### WORK REQUEST
Among the records that follow, set down only the lines from the one containing "Paclan Мешки для" to the one containing "Its multi-use design", both included, exactly.

### EXTRACTED ENTRIES
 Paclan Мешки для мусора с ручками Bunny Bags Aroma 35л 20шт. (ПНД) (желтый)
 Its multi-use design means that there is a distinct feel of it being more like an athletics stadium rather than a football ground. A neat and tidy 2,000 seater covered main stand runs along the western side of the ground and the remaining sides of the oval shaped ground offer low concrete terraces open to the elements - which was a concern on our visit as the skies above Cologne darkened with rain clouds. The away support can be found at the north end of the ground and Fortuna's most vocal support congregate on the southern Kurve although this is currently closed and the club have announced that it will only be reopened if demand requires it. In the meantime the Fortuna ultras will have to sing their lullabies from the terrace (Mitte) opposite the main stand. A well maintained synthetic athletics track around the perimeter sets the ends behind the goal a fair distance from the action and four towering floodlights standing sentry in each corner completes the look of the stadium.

--

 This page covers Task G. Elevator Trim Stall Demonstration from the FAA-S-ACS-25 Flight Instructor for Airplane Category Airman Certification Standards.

==

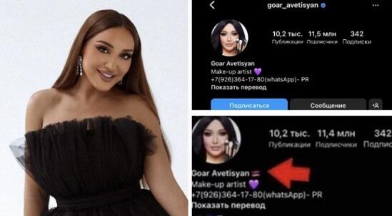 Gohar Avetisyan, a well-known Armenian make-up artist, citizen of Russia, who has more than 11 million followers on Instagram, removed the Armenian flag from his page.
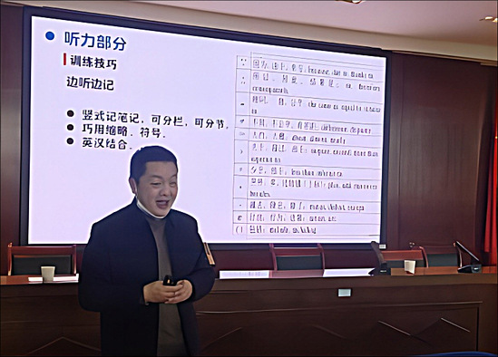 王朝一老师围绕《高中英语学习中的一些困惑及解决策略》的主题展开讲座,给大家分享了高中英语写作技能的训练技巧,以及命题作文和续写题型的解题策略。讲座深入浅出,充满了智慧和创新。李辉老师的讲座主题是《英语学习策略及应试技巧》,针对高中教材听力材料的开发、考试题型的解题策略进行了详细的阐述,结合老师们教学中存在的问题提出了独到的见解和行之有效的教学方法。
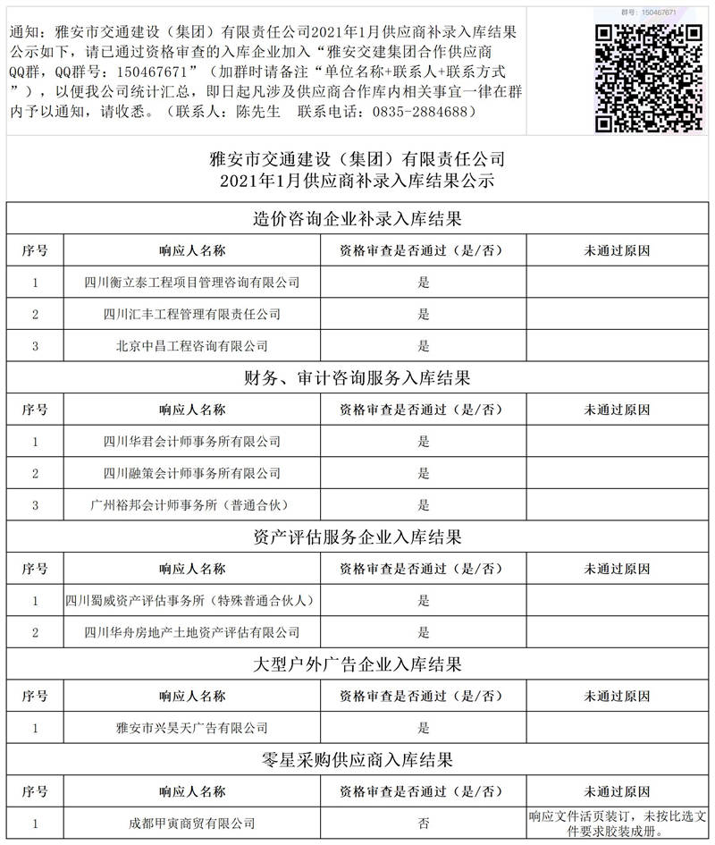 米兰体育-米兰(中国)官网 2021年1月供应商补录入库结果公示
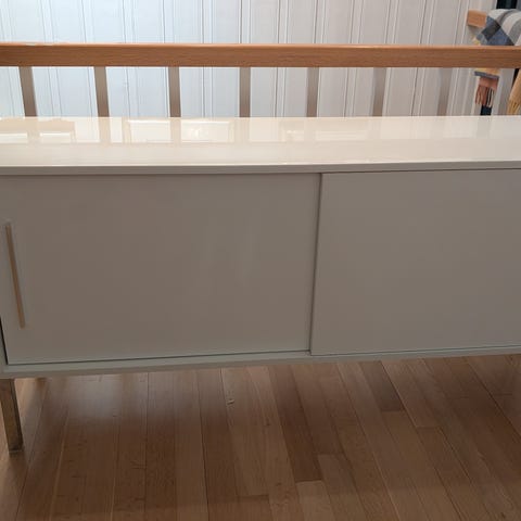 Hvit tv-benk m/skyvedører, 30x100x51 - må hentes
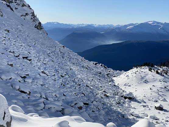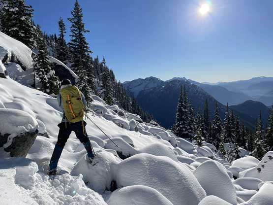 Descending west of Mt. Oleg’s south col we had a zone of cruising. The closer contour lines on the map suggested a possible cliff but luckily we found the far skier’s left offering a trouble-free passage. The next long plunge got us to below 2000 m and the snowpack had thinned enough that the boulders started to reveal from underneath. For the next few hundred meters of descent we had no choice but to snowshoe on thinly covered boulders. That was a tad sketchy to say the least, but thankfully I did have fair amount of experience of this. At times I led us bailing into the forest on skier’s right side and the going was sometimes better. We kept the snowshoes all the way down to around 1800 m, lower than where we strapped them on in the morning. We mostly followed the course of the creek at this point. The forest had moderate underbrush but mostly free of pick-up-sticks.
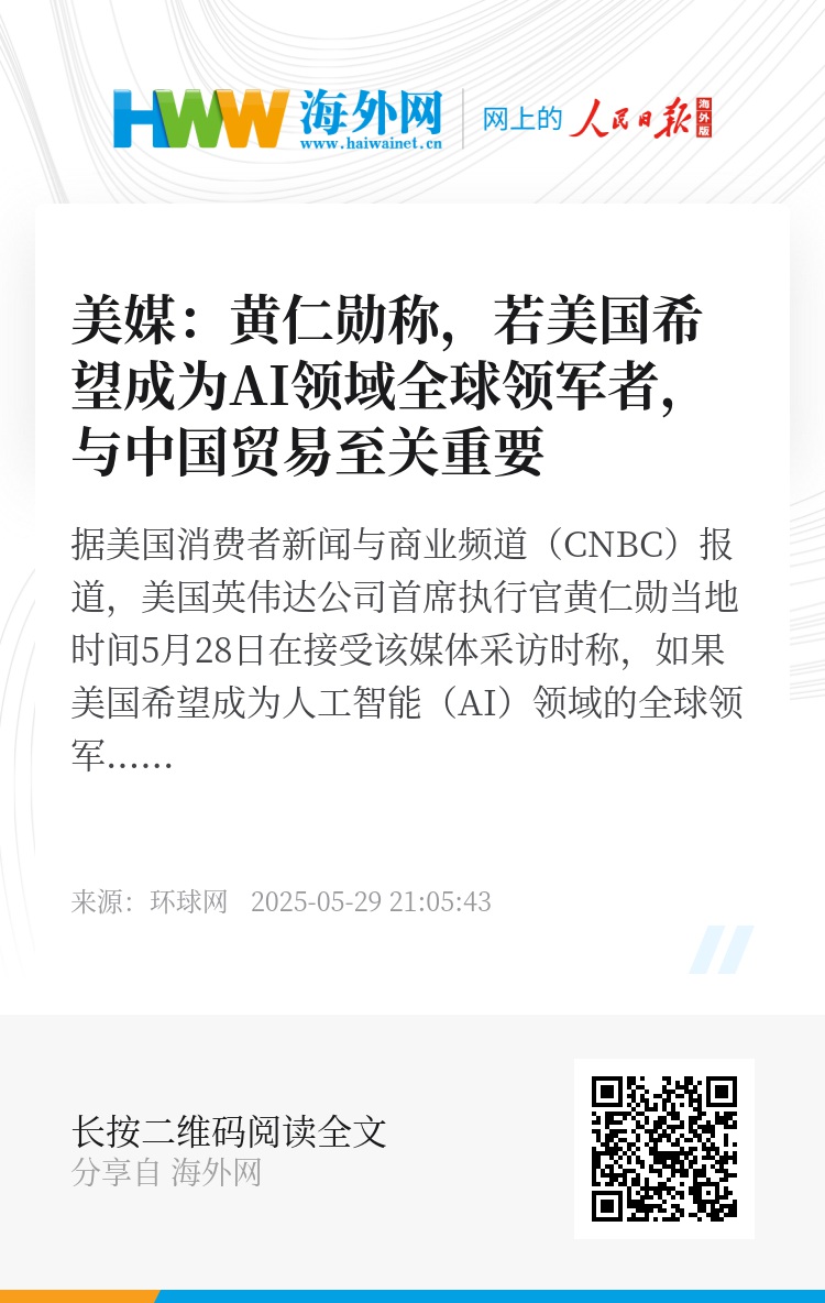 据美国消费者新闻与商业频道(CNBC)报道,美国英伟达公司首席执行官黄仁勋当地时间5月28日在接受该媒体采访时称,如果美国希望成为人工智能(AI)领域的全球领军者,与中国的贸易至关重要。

### FINAL ANSWER
 Paclan Мешки для мусора с ручками Bunny Bags Aroma 35л 20шт. (ПНД) (желтый)
 Its multi-use design means that there is a distinct feel of it being more like an athletics stadium rather than a football ground. A neat and tidy 2,000 seater covered main stand runs along the western side of the ground and the remaining sides of the oval shaped ground offer low concrete terraces open to the elements - which was a concern on our visit as the skies above Cologne darkened with rain clouds. The away support can be found at the north end of the ground and Fortuna's most vocal support congregate on the southern Kurve although this is currently closed and the club have announced that it will only be reopened if demand requires it. In the meantime the Fortuna ultras will have to sing their lullabies from the terrace (Mitte) opposite the main stand. A well maintained synthetic athletics track around the perimeter sets the ends behind the goal a fair distance from the action and four towering floodlights standing sentry in each corner completes the look of the stadium.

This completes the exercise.